卫子夫红着脸站在一旁,手指绞着帕子:“是不是……写得太差了?”
“不是。”朱珍珠把竹简放下,认真道,“你写得很好。没有虚词,没有堆砌,字字都是自己的话。读者看你的故事,会哭的。”
卫子夫一愣:“会哭?”
“真情最动人。”朱珍珠拍了拍她的手,“从今天起你就按这个路子写。不要学我的写法,写你自己的——你的人生就是最好的话本子。你从前在平阳府见过的贵人、听过的事、心里藏过的委屈和欢喜,全都写出来。我保证有人买。”
卫子夫眼眶微微泛红,用力点了点头。
朱珍珠把竹简还给她:“回去继续写,写到你出宫那一年为止。写完我帮你润色,然后咱们《姐妹书坊》给你印。”
“姐妹书坊?”卫子夫不解。
朱珍珠笑而不答。
日头爬高时,朱珍珠已经溜出了宫。她从空间侧门落在东市巷口,换了身利落的青灰短褐,梳了个简单发髻,活像哪家铺子的管事小娘子。她沿着街面一家家看过去,在东市拐角瞧见一间挂着“陈记杂货”牌匾的铺子,门可罗雀,掌柜趴在柜台上打瞌睡。
她走进去,敲了敲柜台。
掌柜猛然惊醒:“客官买……”
“铺子卖不卖?”朱珍珠开门见山。
半个时辰后,地契易手。朱珍珠站在铺子门口,看着伙计们把旧的货架搬出去,新的书架搬进来,一边指挥一边笑。陈四闻讯赶来,看见她又盘了一间铺子,哭笑不得:“东家姑娘,您这是要把东市所有铺子都买下来改书坊吗?”

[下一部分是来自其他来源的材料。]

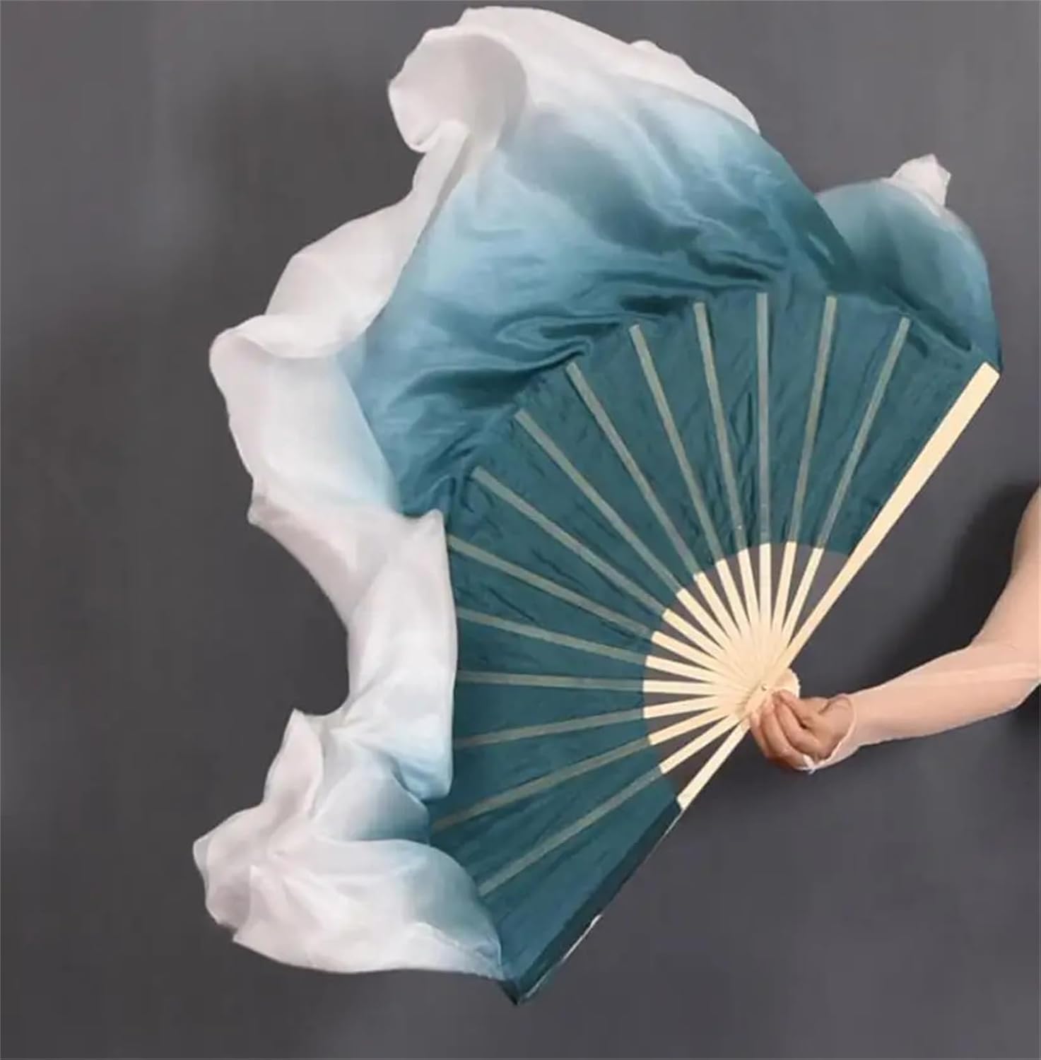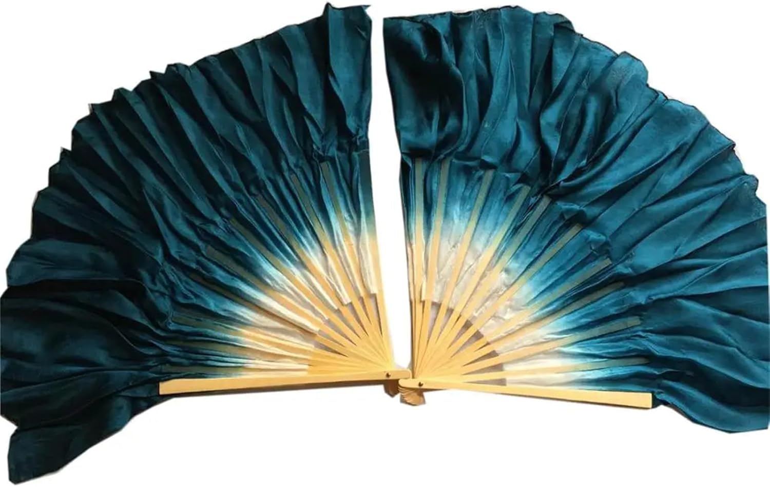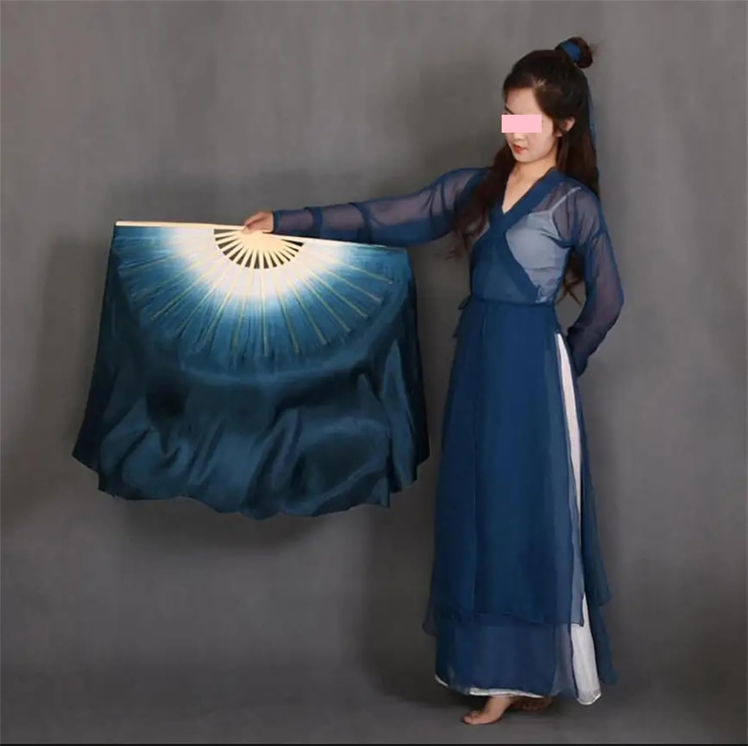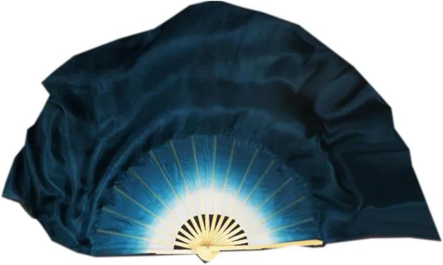 Ventaglio da danza del ventre, ventagli da danza del ventre, veli di seta, ventaglio lungo for danza del ventre, velo di seta sfumato blu scuro, ventaglio da danza tradizionale cinese tinto a mano(36c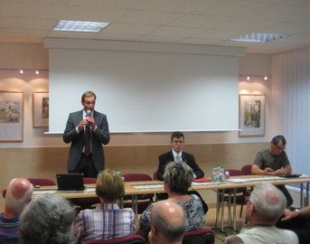 wurde vom Vorsitzenden des Bürgervereins Paunsdorf e.V. Herrn Henning Striegan eröffnet und moderiert. Frau Carmen Seidel, Planungsleiterin des Amtes für Stadtgrün- und Gewässer, unterstützt von Frau Uta Walter, stellte anschaulich die Etappen der Entwicklung des „Grünen Bogen“, begonnen 1999 bis zum heutigen Stand dar. Es wurde Zwischenbilanz gezogen zu den damaligen Zielstellungen und den heutigen Ergebnissen. Ein weiterer Themen- schwerpunkt war die Konzeption des künftigen Bauabschnittes „Übergang zur alten Ortslage“ mit voraussichtlichem Baubeginn 2015. Das Büro für Landschaftsarchitektur Häfner / Jimenez, vertreten durch Herrn Jens Betcke, hat dieses Projekt entwickelt und über den gesamten Zeitraum betreut. Die Teilnehmer folgten konzentriert den Ausführungen und brachten sich mit Fragen und Vorschlägen in die gelungene Veranstaltung ein. Im Ergebnis der Veranstaltung wurden Ideen und Hinweise für die Planfortschreibung des Grünen Bogens zusammengetragen und es wird geprüft, wie sie bei der weiteren Umsetzung Berücksichtigung finden können. Weitere Fotos sehen Sie in unserer "Galerie".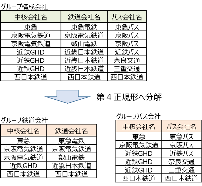 関数従属の場合はこのような関係性が1つしかなく分解できない場合であり、多値従属の場合はこのような関係が2つのテーブルに分解できる場合を指します。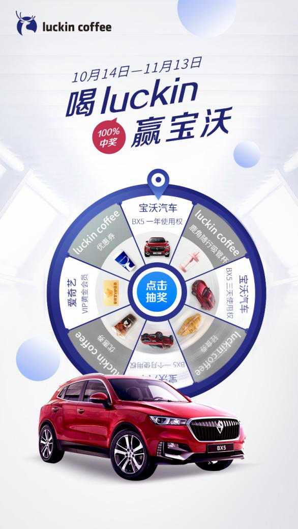 瑞幸咖啡携手宝沃汽车推出“喝luckin赢宝沃”活动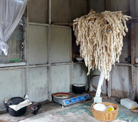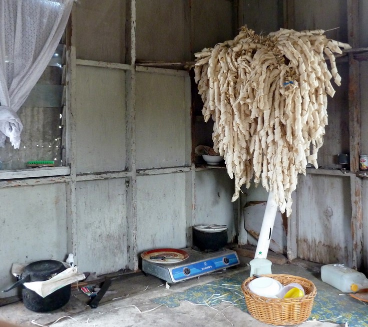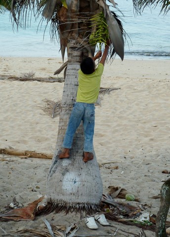 Il faut faire une tresse c'est simple , mais cela se complique car les fibres de coco sont très petites donc il faut les rabouter ( les rallonger ) à chaque fois que l'on tresse . Oh quel travail pour faire une ceinture . Je comprend que l'on ne voit pas beaucoup de femmes dehors . Elles sont toutes occupées à faire le tressage , la cuisine et si en plus elles s'occupent des enfants qu'elles ont en grand nombres .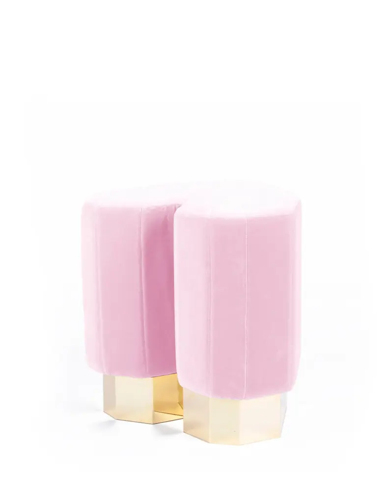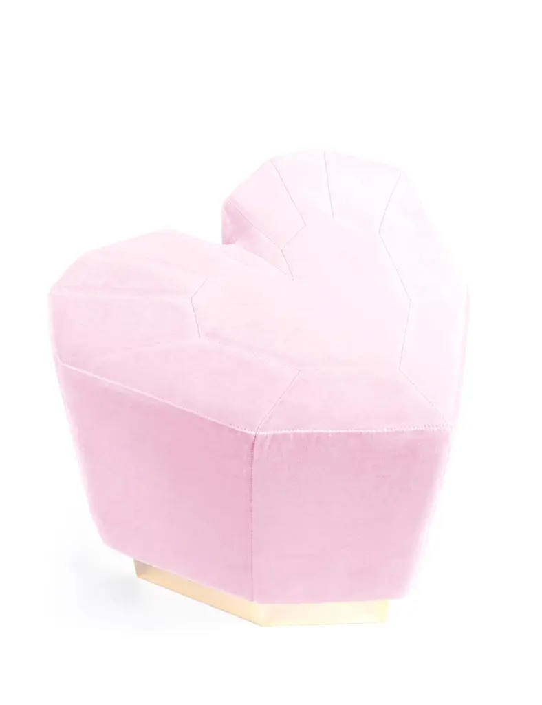 Set of 4 light pink queen heart stools by Royal StrangerDimensions: 46 x 49 x 43 cmDifferent upholstery colors and finishes are available. Brass, copper or stainless steel in polished or brushed finish.Materials: Velvet heart shape upholstery on the top of a stainless steel coated in brass plated foot.The Queen heart stool is a luxurious piece that will make you travel to another dimension. A stool of desirable love combined with the pastel colors to give a sense of peace and magic storytelling. The willing to make people seat and feel happy. Royal stranger is an exclusive furniture brand determined to bring you the best unique pieces of art and design.Fusing design, art and the best craftsmanship, they strive to deliver the best state of the handmade art furniture. The design team works every day to create meaningful products that represent values such as passion, function, aesthetics and know-how. Values that are meant to represent Royal stranger’s DNA. This dedication is present at all stages of production and the combination of craftsmanship and innovative design contributes toour final purpose: to produce certified high-quality products, made with passion and expertise and using royal materials such as gold leaf, rich woods and high quality lacquers.It was in 2013, as an architects, that Sofia Santos & Rui Santos started to push the boundaries of innovation in several retail design concepts for some of the best stores in Portugal. This will has always been present in their work, and that’s how the brand was born.

“这才第三间。”朱珍珠掰着手指,“阿娇书坊、永乐书坊、姐妹书坊。正好。”她指着门口新挂上的匾额,“这间叫‘姐妹书坊’,专门收愿意写书、学写书的人。不论出身,不论男女,只要你有故事想写、有字想认,都可以来。我出笔墨纸砚,教人认字写稿,写出来印成书卖,作者拿三成。”
陈四愣了:“不看出身?男的也行?”
“男的也行。”朱珍珠道,“长安城里多的是读过书却没出路的书生,也有想学认字的妇人。给他们一个营生,比让他们闲着生事强。”
消息一出,当天下午就有人来问了。先是一个落魄书生,犹豫了半天问“写话本子也能挣钱吗?”得到肯定答复后,立刻坐下开始动笔。又来了一个中年妇人,说自己会唱曲儿、知道很多长安城里的老故事,问能不能讲出来让别人写。朱珍珠当场给她安排了一个代笔的年轻人,两人头对头聊起来。

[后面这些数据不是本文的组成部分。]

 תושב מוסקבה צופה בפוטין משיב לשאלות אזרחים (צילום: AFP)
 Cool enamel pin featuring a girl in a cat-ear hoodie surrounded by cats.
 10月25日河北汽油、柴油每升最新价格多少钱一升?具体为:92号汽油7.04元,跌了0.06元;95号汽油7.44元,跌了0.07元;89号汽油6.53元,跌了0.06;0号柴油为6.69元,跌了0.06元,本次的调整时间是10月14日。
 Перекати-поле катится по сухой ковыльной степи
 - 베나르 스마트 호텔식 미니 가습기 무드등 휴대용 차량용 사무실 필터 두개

夕阳西斜时,姐妹书坊里已经坐了七八个人,各自伏案,满屋子沙沙的写字声。
入夜,朱珍珠没回宣室殿,先绕去了长安府衙大牢。她手持刘彻给的一面令牌,牢头见了连忙开锁。朱珍珠走进去,看着两侧牢房里灰扑扑的面孔,朗声道:“我这里有桩差事,愿意做的举手——抄书。每日管两顿饭,给工钱。抄满半年者,可减刑三月。”
牢中先是一阵寂静,随即几十只手齐刷刷举了起来。
朱珍珠点点头,让随行的陈四把第一批书稿送进来——《香蜜沉沉烬如霜》第一卷、《一念关山》第一卷、《长相思》第一卷。每套各配二十个抄手,每天三卷。
“字要工整,不许错漏。”朱珍珠对领头的犯人道,“抄得好,每月加赏钱。抄得不好,送回牢里继续关。”犯人们捧着崭新的书稿面面相觑,眼里从茫然慢慢变成了一种说不清的亮光——有饭吃、有工钱、能减刑,还能……读书?
消息从大牢里悄无声息地传了出去。第二日长安府衙门口便多了好些人探头探脑,打听“那个抄书的差事还招不招人”。
而深夜的宣室殿里,朱珍珠趴在刘彻怀里,掰着手指汇报今天的战绩:“收了卫子夫的功课,她写得还不错。盘了第三间书坊叫姐妹书坊,收了七个人写稿。还去大牢里安排了六十个犯人抄书,每天三卷《香蜜》《一念关山》和《长相思》。”她仰起脸,“夫君,你明天给我拨几个识字的狱卒帮忙管着呗?”
刘彻低头看她,满脸写着“你今天到底干了几件事”的无奈:“你一天里盘铺子、收学生、进大牢——还把朕的狱卒也惦记上了?”
“我这不是帮国库挣钱嘛。”朱珍珠眨眨眼,“书坊赚的银子都入了国库,你想想,光阿娇书坊和永乐书坊这个月入了多少?”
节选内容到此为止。